The canyon eventually begins to open out and views of the Rees begin. Despite being so close we still had lots of vertical the lose. Some small drops leads us to the top of Lennox Falls. We spot the original anchor and place an access bolt. I abseil down and see a mess of rotten tat. We place a new bolt and do some other repairs and peer down the 90 metre pitch. I deploy my rope and send Leo down first. The first half of the pitch is a slab that wants to push you into the flow, the second half is obscured over the lip. We watch Leo go down without a pack, carefully avoiding slipping when he disappears over the lip and we sit and wait. The rope remains taught and eventually we hear the faint sound of a whistle blast. Unsure of what exactly he is trying to communicate I slowly lower him down until the rope goes slack. Madie goes down next, and I'm left alone, with 2 packs. Thankfully the slab isn't as slippery as it looks, and the pack hanging between my legs isn't too much of a nuisance. After you go over the lip you are left free hanging next to the 90 metre waterfall. I slowly abseil down admiring the view. There is a beautiful carpet of green moss that covers everything, but the thunderous nature of water crashing down means we cant stay and enjoy the views.

Jason accessing the 90m pitch - Madie Ga

I quickly pack the rope and run to the next pitch. We do short abseil to access the second stage of the waterfall, and another long pitch brings us to the bottom of the falls, and the end of the canyon. With plenty of time left in the day we get changed and enjoy a leisurely walk back to the car and head straight to the pub at Glenorchy.

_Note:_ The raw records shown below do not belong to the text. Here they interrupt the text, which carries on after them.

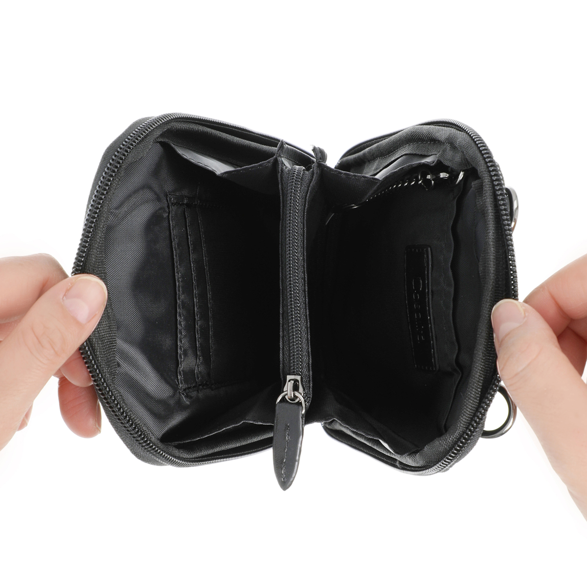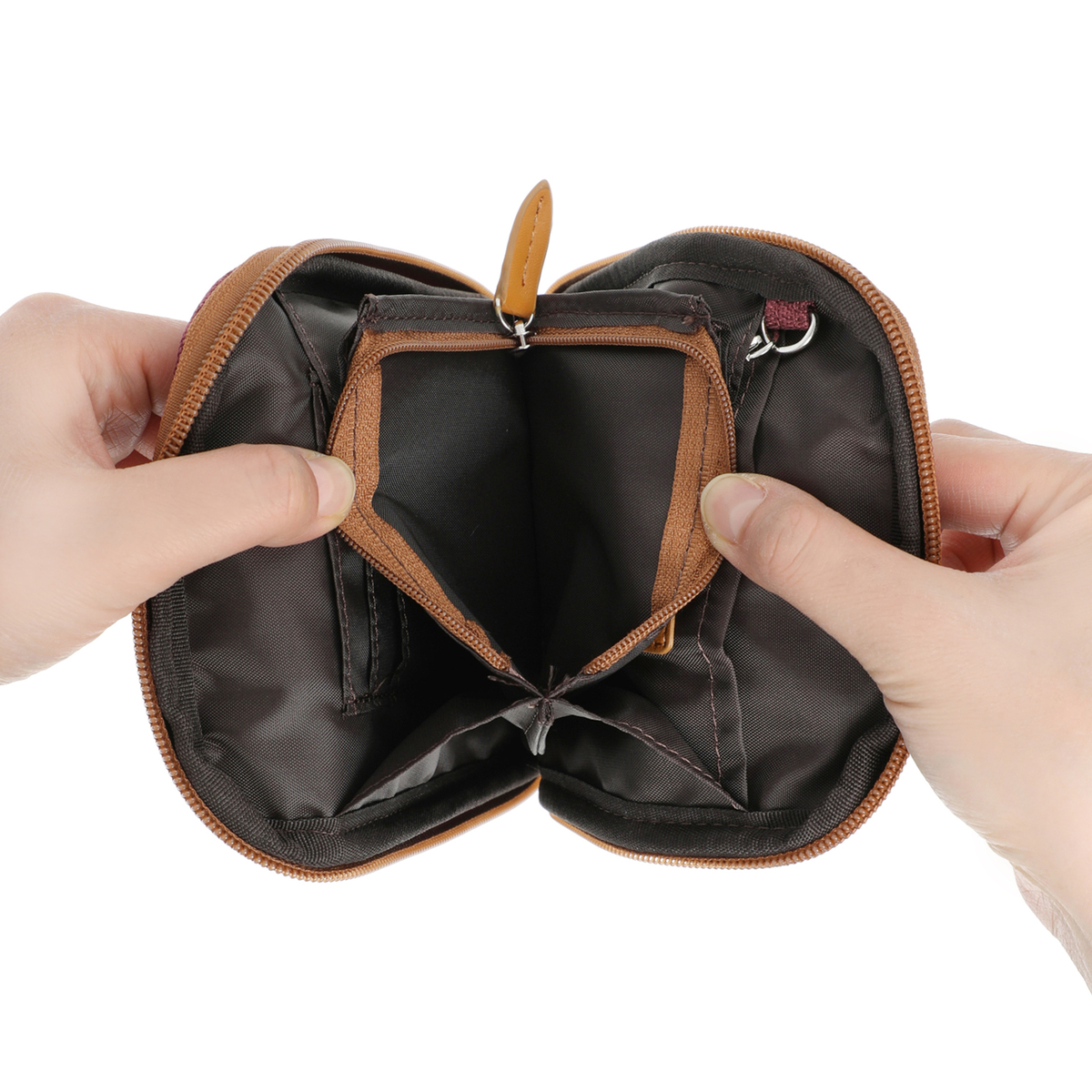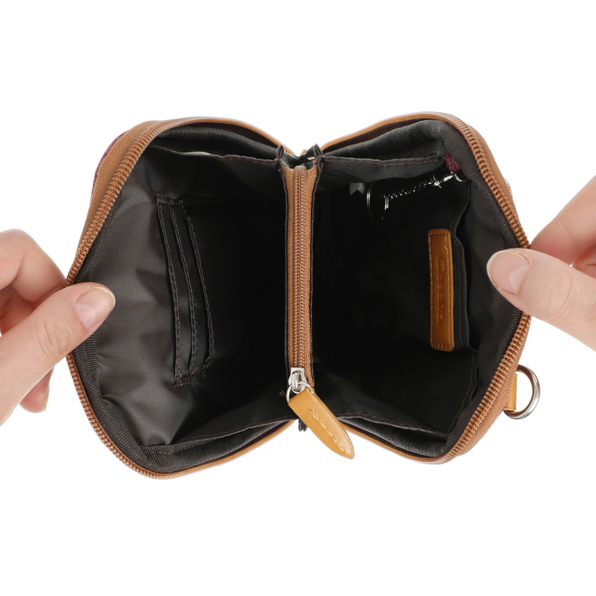 お出かけ時に便利なスマホウォレットショルダーです。深底ポケット、小銭入れ、カードポケットなど、整理しやすい9つの機能的なポケットを備えています。さらにポーチの中には、取り外しできるキーリングも付いています
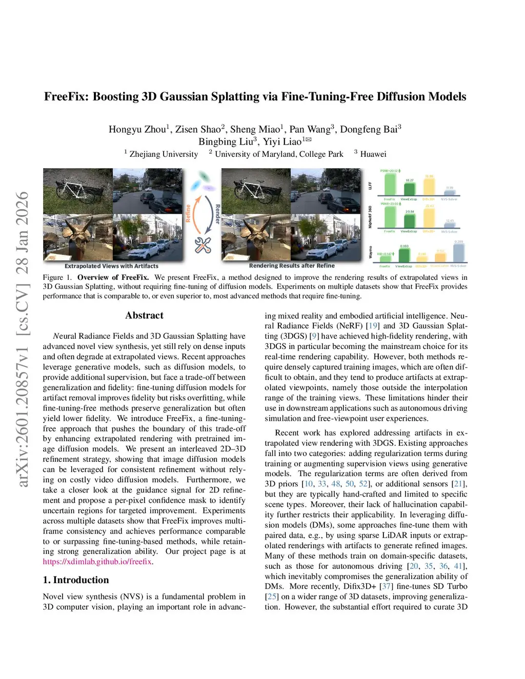 Neural Radiance Fields and 3D Gaussian Splatting have advanced novel view synthesis, yet still rely on dense inputs and often degrade at extrapolated views. Recent approaches leverage generative models, such as diffusion models, to provide additional supervision, but face a trade-off between generalization and fidelity: fine-tuning diffusion models for artifact removal improves fidelity but risks overfitting, while fine-tuning-free methods preserve generalization but often yield lower fidelity. We introduce FreeFix, a fine-tuning-free approach that pushes the boundary of this trade-off by enhancing extrapolated rendering with pretrained image diffusion models. We present an interleaved 2D-3D refinement strategy, showing that image diffusion models can be leveraged for consistent refinement without relying on costly video diffusion models. Furthermore, we take a closer look at the guidance signal for 2D refinement and propose a per-pixel confidence mask to identify uncertain regions for targeted improvement. Experiments across multiple datasets show that FreeFix improves multi-frame consistency and achieves performance comparable to or surpassing fine-tuning-based methods, while retaining strong generalization ability.
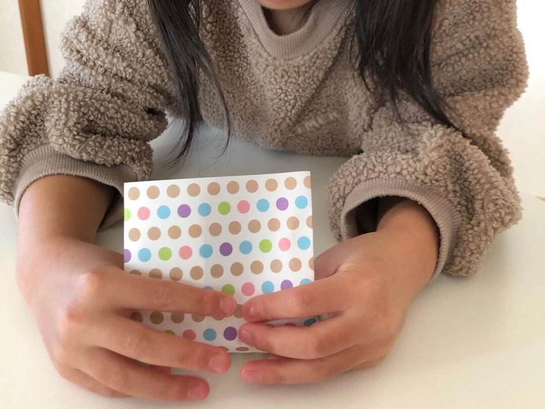 4歳の娘に作るのを手伝ってもらいましたが、工程4のじゃばらに折るところまではわりと簡単なので、初めてでもスムーズにできました。
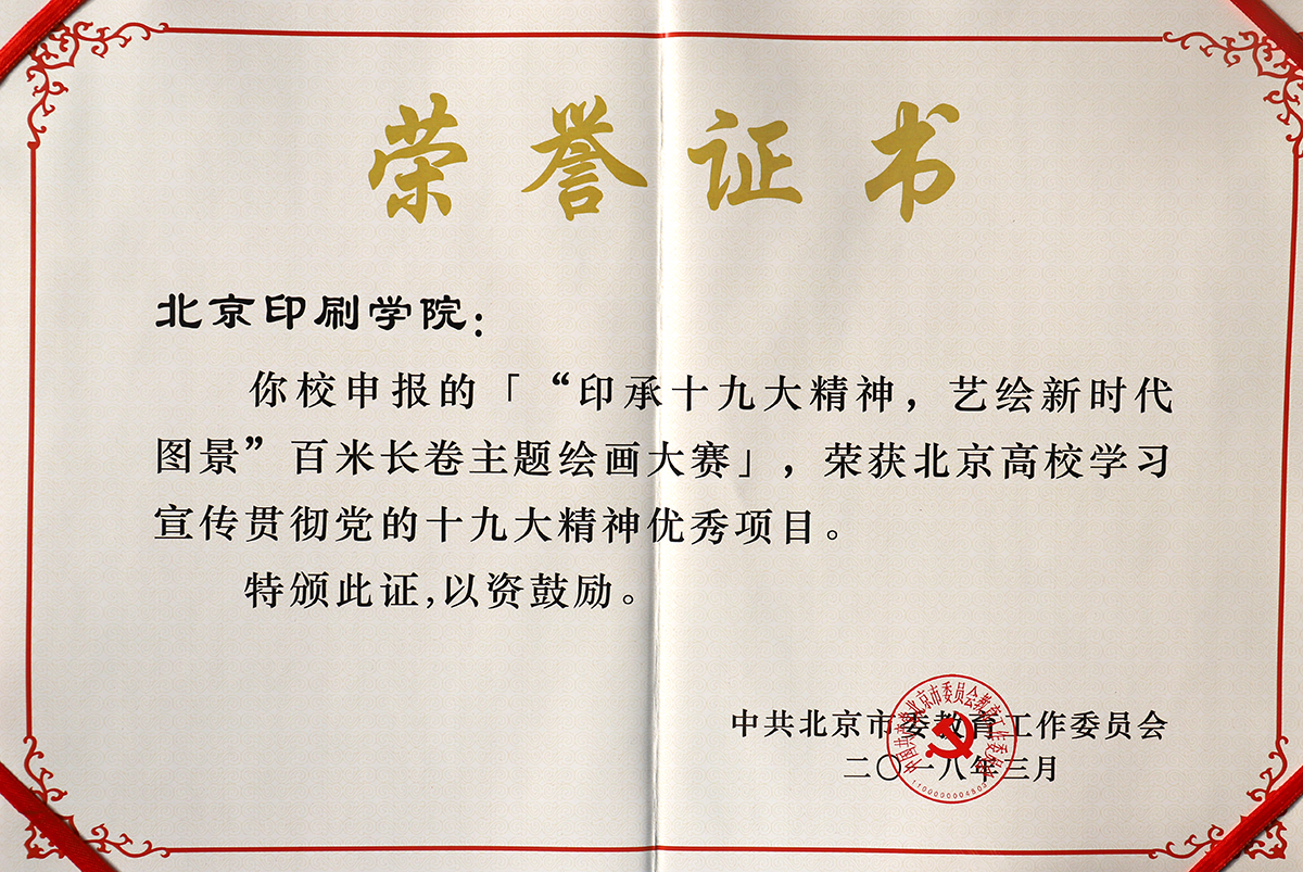 "‘印承十九大精神,艺绘新时代图景’百米长卷主题绘画大赛",荣获北京高校学习宣传贯彻党的十九大精神优秀项目。
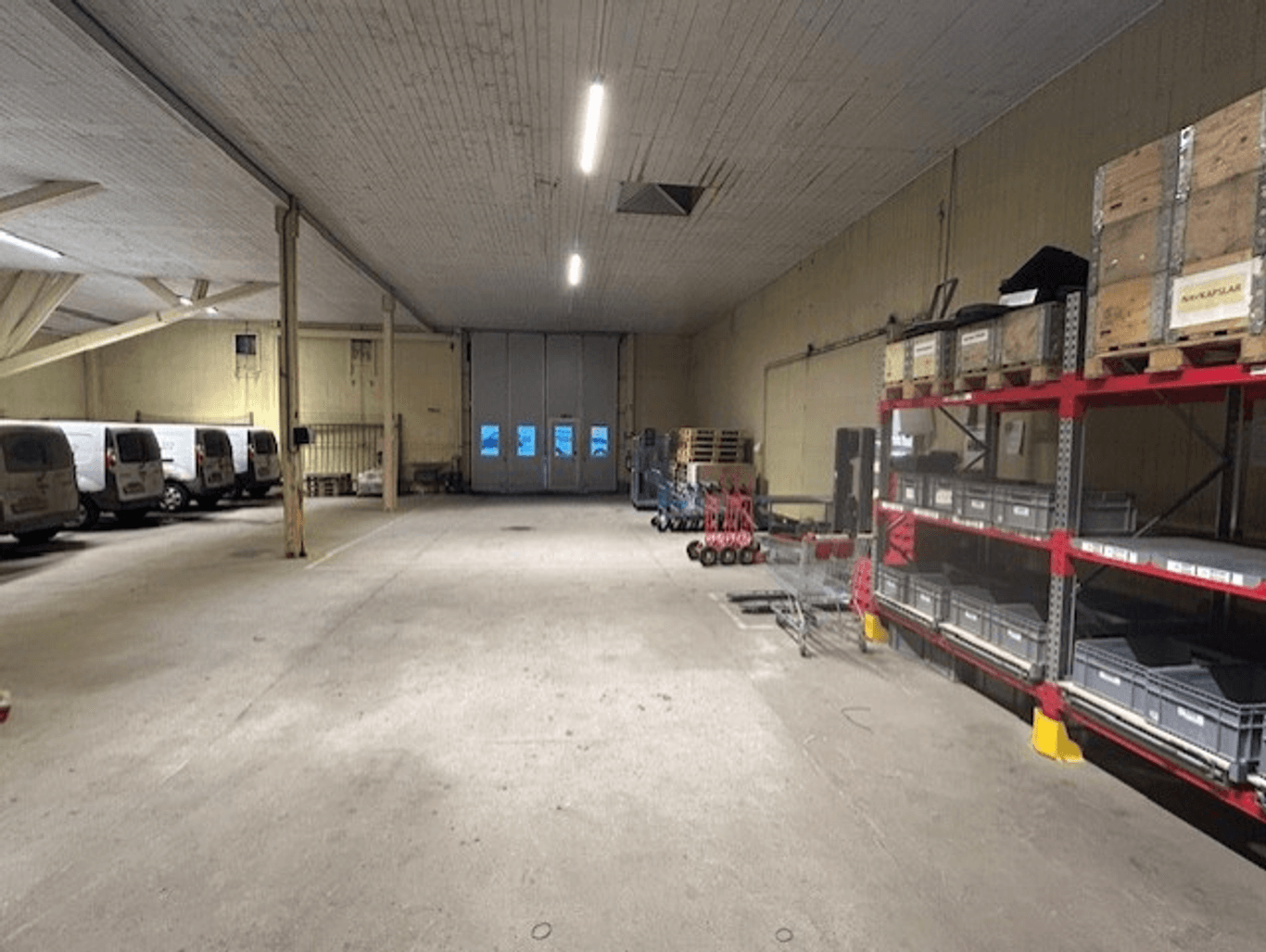 Kallförråd/lager/garage – ca 340 m² Stor, praktisk yta med generös port som gör det enkelt att lasta och lossa. Varmbonat lager/förråd/garage – ca 280 m² Även detta utrymme har stor port och passar perfekt när du behöver tempererat lager eller produktionsyta. Lokalerna är sammanlänkade, vilket möjliggör genomkörning mellan dem för smidiga flöden. Kontors- och personaldel – ca 105 m² Med pentry, kontor, omklädningsrum och WC – allt samlat för att underlätta vardagen i verksamheten.

Jason on the final pitch - Madie Ga

On the drive back my phone starts buzzing A LOT. Normally 2 days out of reception means I come back to some notifications, but this was much more than usual. I give my phone 5 minutes to calm down and try and figure out what's happening. I had an array of messages from just about everyone I know saying the NSW Police had been called and I was now a missing person. Turns out in the months of planning for this trip I had forgotten to tell my family I was going. Thankfully the police (and sisters) had managed to contact my friends who confirmed I was in NZ and most likely out of reception. Several hours of VERY awkward phone calls later and I was declared "found" before a multi-agency search was started.

Thanks to Oli and Amelia V. for tracking me down and talking to police. I'm sorry if I stressed you out 🙂

Conclusion

Overall a fun canyon with a variety of terrain and obstacles. It is well worth the descent. With an efficient team and early start it is reasonable to do this as a single day canyon. Avoid the upper section for the most value. In the conditions we had I would suggest a grade of V5A4IV**. Perhaps with less water there would be more jumps making for a more enjoyable day. We came across several of the anchors from the first descent but these need repair, either with mallions, rings, or tat. Super pretty and surprising it hasn't had more descents.

Thanks to the sponsors of our NZ Exped
CE4Y: https://www.canyoning-equipment.com/
We used the CE4Y Quickline 7.6mm canyoning rope for this trip. Lightweight + excellent performance.
CanyonZone: https://www.canyonzone.com/
They provided Petzl "Pulse" removable bolts, which are a lifesaver for traverse lines.

More beta here:
https://www.kiwicanyons.org/lennox-creek/
https://canyonmag.net/explore/lennox-creek/

Also tell your family where you are going, thankfully our emergency contact was able to tell everyone exactly where I was and when I was expected to return. Don't be a dummy and save yourself some embarrassment.